* Stored data *
***
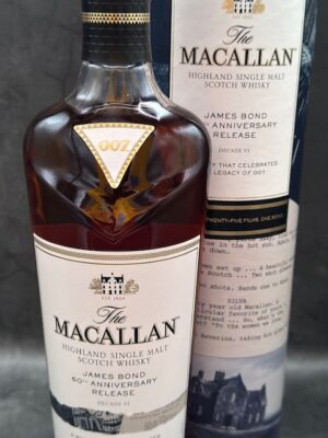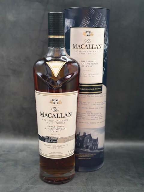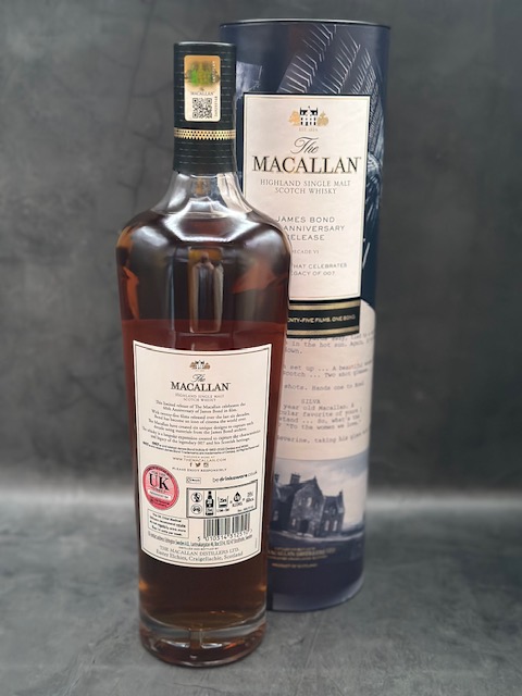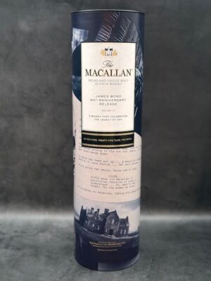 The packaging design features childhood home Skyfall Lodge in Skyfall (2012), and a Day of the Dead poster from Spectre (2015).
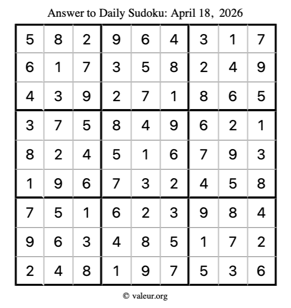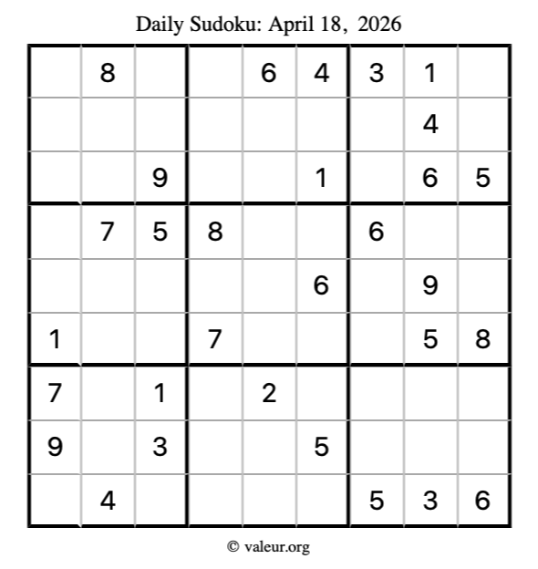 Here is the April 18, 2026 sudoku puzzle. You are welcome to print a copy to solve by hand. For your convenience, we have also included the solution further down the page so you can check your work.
***
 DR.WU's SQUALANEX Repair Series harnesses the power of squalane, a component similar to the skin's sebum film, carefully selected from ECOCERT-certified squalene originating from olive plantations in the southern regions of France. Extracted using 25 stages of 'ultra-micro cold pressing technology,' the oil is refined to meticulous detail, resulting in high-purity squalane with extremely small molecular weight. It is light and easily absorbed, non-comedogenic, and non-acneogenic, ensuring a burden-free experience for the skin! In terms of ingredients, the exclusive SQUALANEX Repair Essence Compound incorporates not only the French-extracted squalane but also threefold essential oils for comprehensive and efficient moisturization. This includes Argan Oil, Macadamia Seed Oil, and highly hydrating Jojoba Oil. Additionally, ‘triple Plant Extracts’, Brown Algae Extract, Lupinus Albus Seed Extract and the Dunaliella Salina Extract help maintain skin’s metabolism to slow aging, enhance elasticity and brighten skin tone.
***
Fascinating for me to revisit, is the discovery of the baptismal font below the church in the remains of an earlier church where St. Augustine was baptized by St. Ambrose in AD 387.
***
* Exercise *
Starting at the line containing "The packaging design" and stopping at the line containing "Here is the", output each line exactly as it appears above. Leave out the pictures.

* Your response *
 The packaging design features childhood home Skyfall Lodge in Skyfall (2012), and a Day of the Dead poster from Spectre (2015).
 Here is the April 18, 2026 sudoku puzzle. You are welcome to print a copy to solve by hand. For your convenience, we have also included the solution further down the page so you can check your work.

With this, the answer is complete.